Strengthening randomized evaluations through incorporating qualitative research, Part 1
Randomized evaluations allow researchers to measure the impact of programs and policies on a range of outcomes. Using this approach in North America, J-PAL researchers have recently examined a wide range of topics, including the effects of Medicaid on rates of health care utilization and the impact of a housing mobility program on the likelihood of families moving to lower-poverty neighborhoods.
But what mechanisms are driving the effects of these programs and policies? How did the context, design, and implementation of the program or policy influence the result? If replicated in a different context, will the program have the same effects? Is the study asking the right question?
Researchers can often collect quantitative data and design evaluations to shed light on these types of questions, but there’s always more to learn. Qualitative methods, such as direct observation, in-depth interviews, and focus groups, allow researchers to dive into these questions by examining participants’ beliefs, attitudes, experiences, and perspectives. Data gleaned from these methods can help researchers gain insight into potential mechanisms or barriers, generate new hypotheses and questions, and understand the stories behind the quantitative results.
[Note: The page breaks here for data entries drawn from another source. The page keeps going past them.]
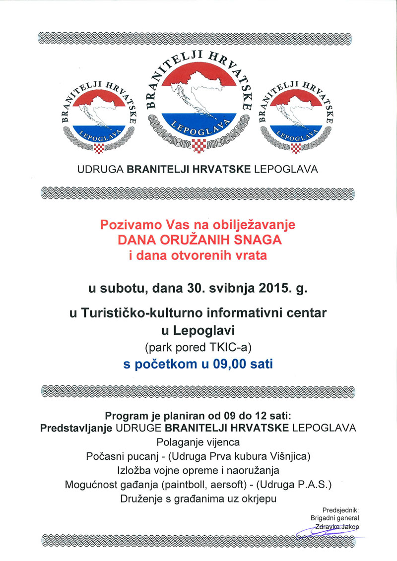 Dan oružanih snaga bit će obilježen u Lepoglavi. Udruga Branitelji Hrvatske Lepoglave organizirat će 30. svibnja, povodom Dana oružanih snaga, prigodan trosatni program u parku pored Doma kulture (TKIC).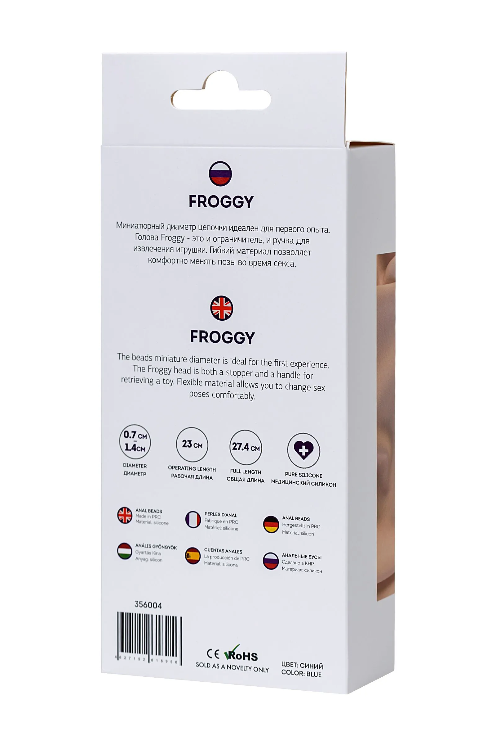 Froggy Миниатюрный диаметр цепочки идеален для первого опыта. Голова Froggy — это и ограничитель, и ручка для извлечения игрушки. Гибкий материал позволяет комфортно менять позы во время секса.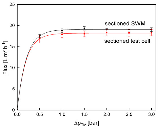 Below the limiting flux, there was a slight difference between the two SWMs. In this pressure range (0.5 bar), the filtration performance was rather controlled by the membrane than by the deposit layer, as was the case for the limiting flux. A possible explanation for the deviation is that a pressure alignment appeared in the permeate pocket of the non-sectioned module. More permeate was produced close to the membrane inlet, due to the higher ΔpTM [4]. Therefore, permeate flowed to the rear part of the membrane (in axial direction) inside the permeate pocket, and thus increased permeate pressure in the rear of the module. On that account, ΔpTM was slightly lower in the rear part compared to the sectioned membrane, where this effect could not occur due to the glued separations. Furthermore, the variability of membrane performance in one batch is known for polymeric membranes. This explains the differences in water flux values between the modified and the unmodified membrane. Overall, however, the deviation was considered acceptable.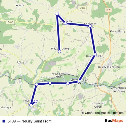 The first stop of the 5109 bus route is Neuilly ST F. - Ces and the last stop is Billy S/ O. - Face Abri. 5109 (Neuilly Saint Front) is operational during on weekdays.

For decades, social science scholars within anthropology, sociology, and psychology have employed qualitative methods. In recent years, many researchers within the traditionally quantitative field of economics have also incorporated qualitative methods into their studies and built teams with qualitative expertise to strengthen their research.
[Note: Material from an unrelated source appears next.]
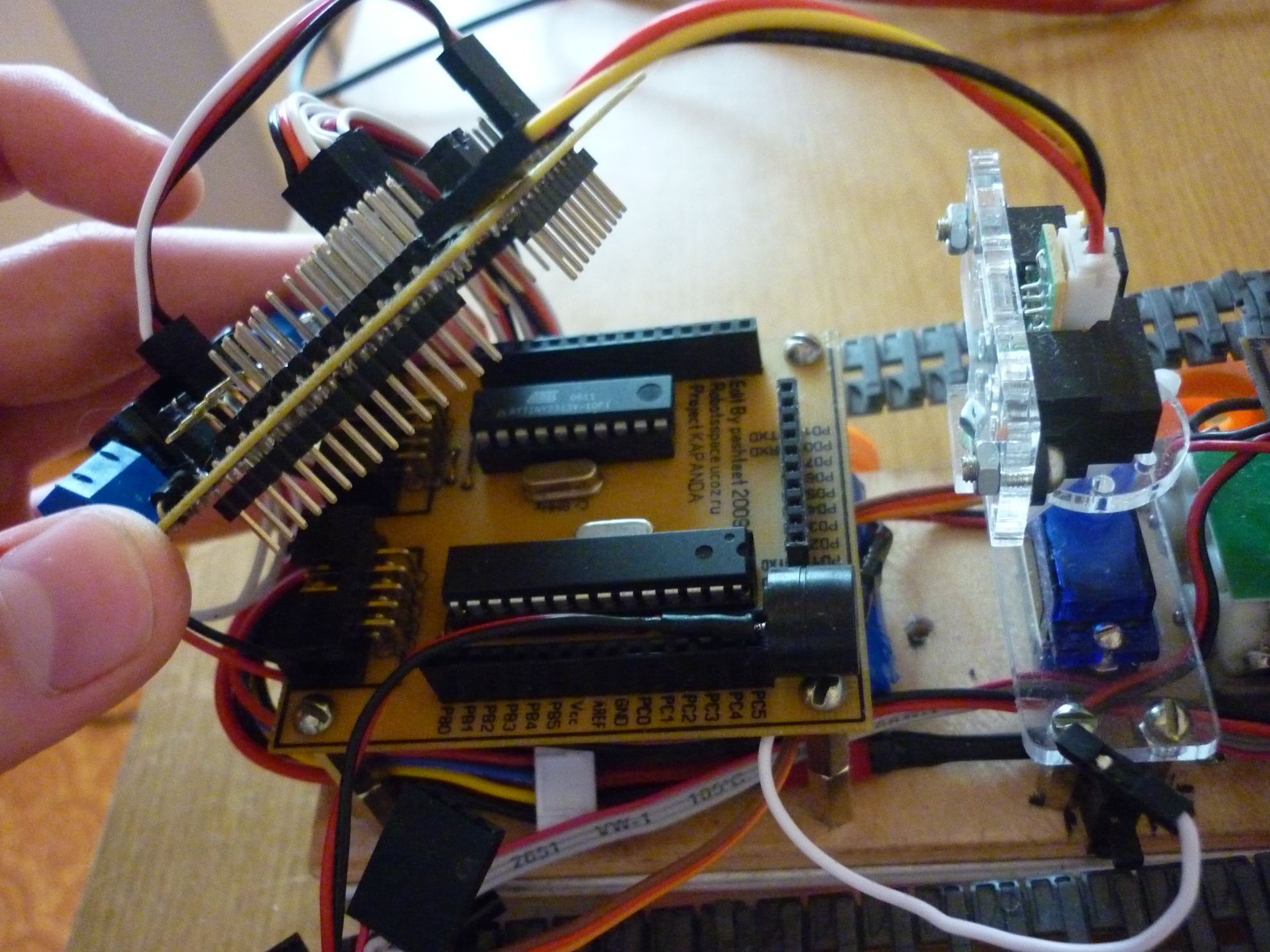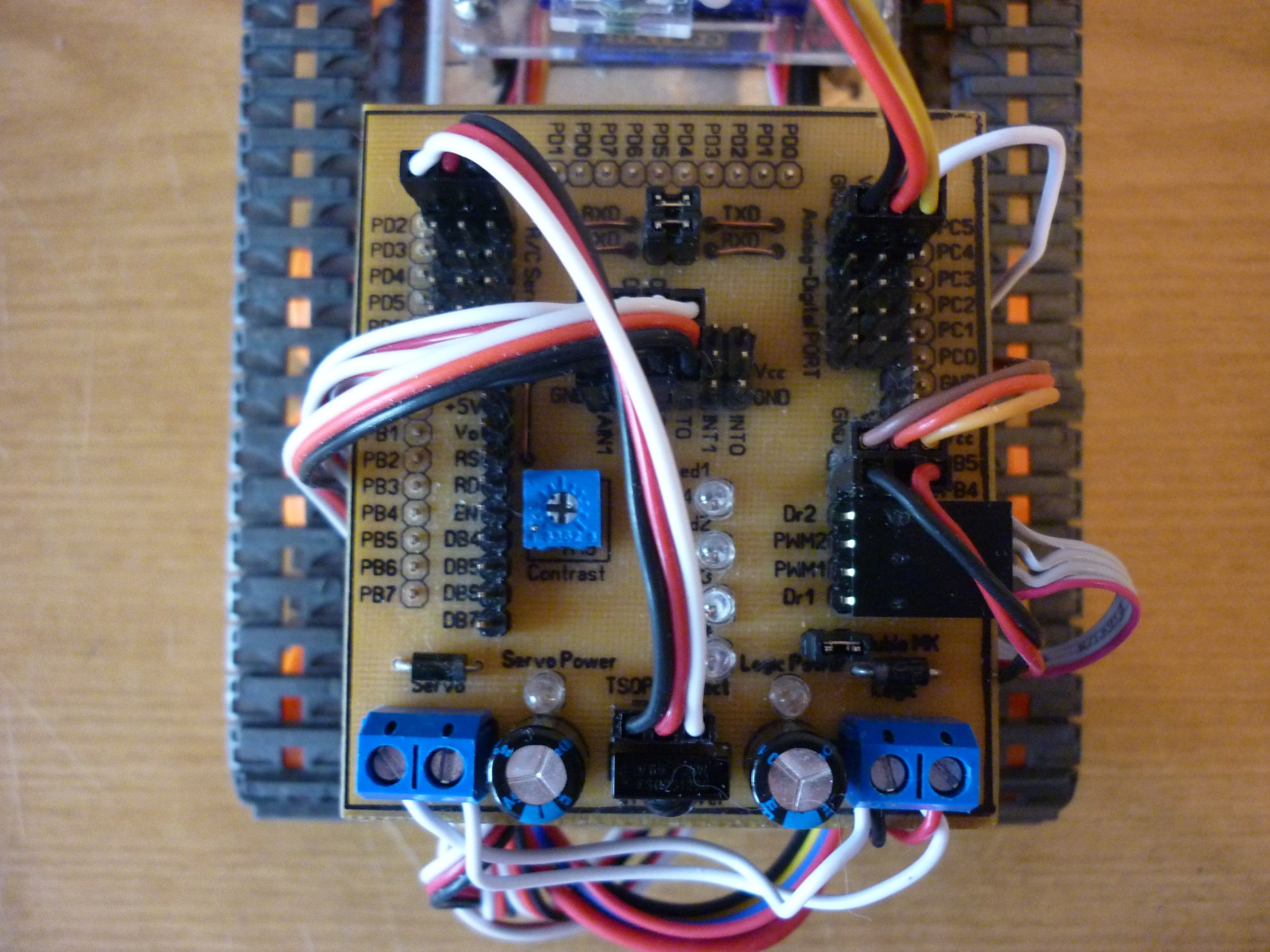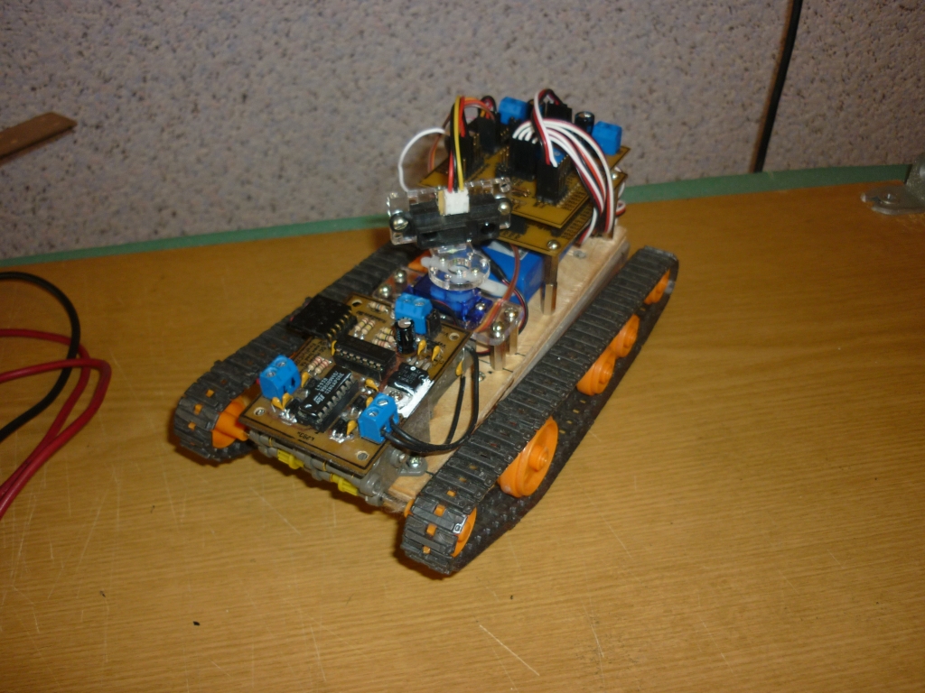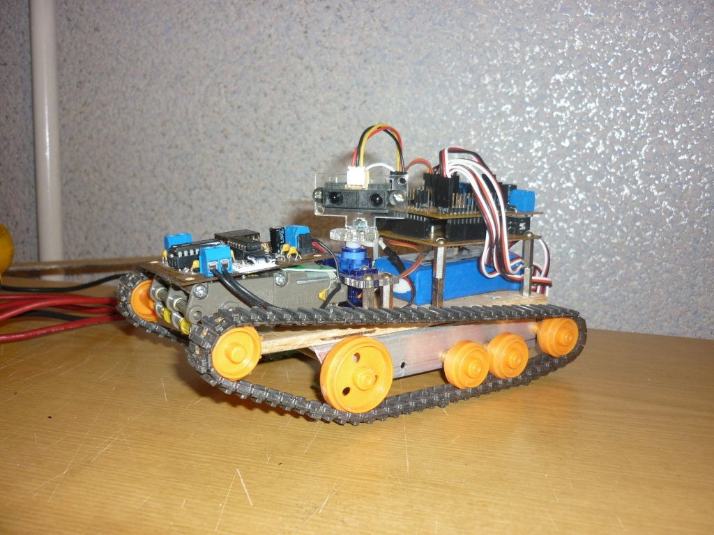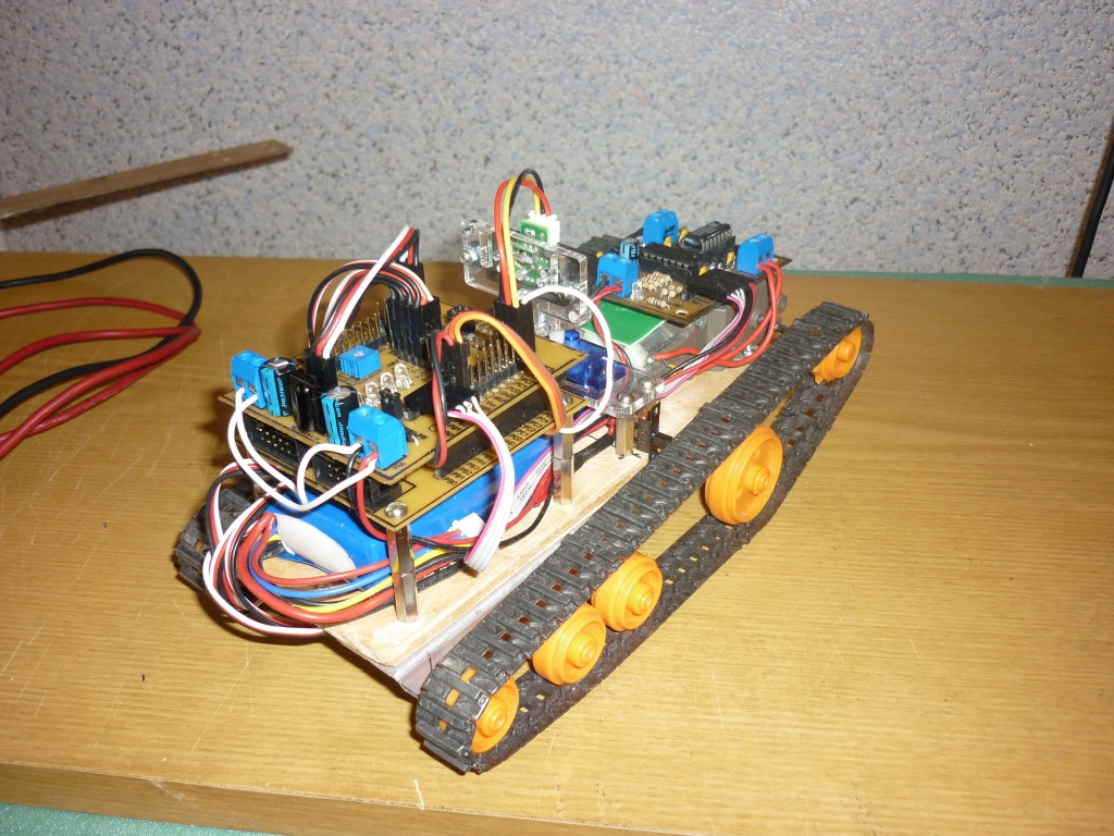 Посравнению с предыдущей версией проходимость даже улудшилась, и гусиницы перестали слетать на ковре, т.к. немного уменьшилось пятно контакта (задние ролики стали немного выше, т.к. меньшего диаметра)

From our conversations with several researchers who've conducted and relied on qualitative research methods as part of J-PAL-supported randomized evaluations, we've summarized a few practical tips for those interested in integrating a qualitative approach into their studies:
- While developing your randomized evaluation, don't discount questions that can be best addressed through qualitative methods. These questions may challenge certain assumptions or shed light on mechanisms, contexts, or outcomes that quantitative methods may not fully capture. For example, researchers may want to gain insight into the experience of staff implementing a particular program to identify the challenges and barriers they faced, understand their perception of the program’s successes or shortcomings, and identify potential obstacles to longer-term implementation or scale-up. While this may be difficult to assess in a survey, focus groups and qualitative interviews could provide valuable insights.
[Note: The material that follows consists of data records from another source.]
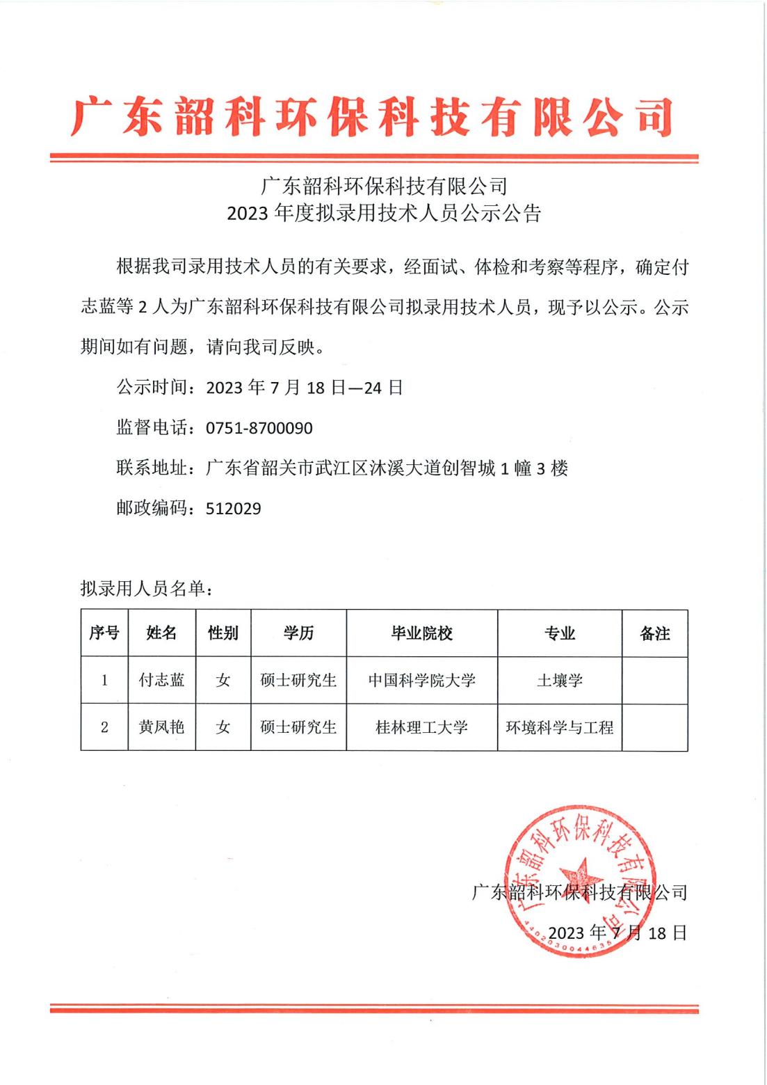 根據(jù)我司錄用技術(shù)人員的有關(guān)要求,經(jīng)面試、體檢和考察等程序,確定付志藍(lán)等2人為廣東韶科環(huán)??萍加邢薰緮M錄用技術(shù)人員,現(xiàn)予以公示。公示期間如有問(wèn)題,請(qǐng)向我司反映。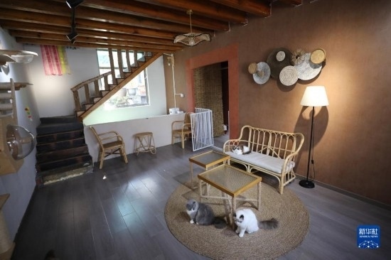 5月23日在浙江省義烏市李祖村拍攝的貓咖“貓的小院”內(nèi)景。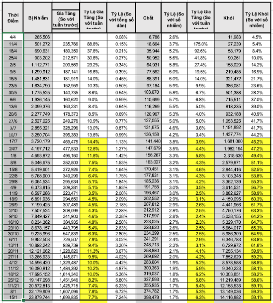– Nhìn chung, tỷ lệ gia tăng mỗi tuần có ổn định, nhưng tỷ lệ chết tăng mạnh.

- Account for qualitative research in study proposals and budgets. Qualitative research can require a high time commitment and can benefit from the support of specialized team members.
- Cultivate relationships with implementing partners. Forming a strong relationship with implementing partners is one key component to a successful and policy-relevant study and can help build a foundation for conducting qualitative research. Implementing organizations interact closely with study participants and often play instrumental roles in shaping the design and implementation of randomized evaluations. They are also well-placed to help researchers determine the best approaches to carrying out the qualitative parts of a study.
- Diversify your research team. Consider building a research team of individuals from different disciplines. Scholars of psychology, anthropology, sociology, and social work often have extensive experience with qualitative methods and bring valued perspectives that economists may be missing.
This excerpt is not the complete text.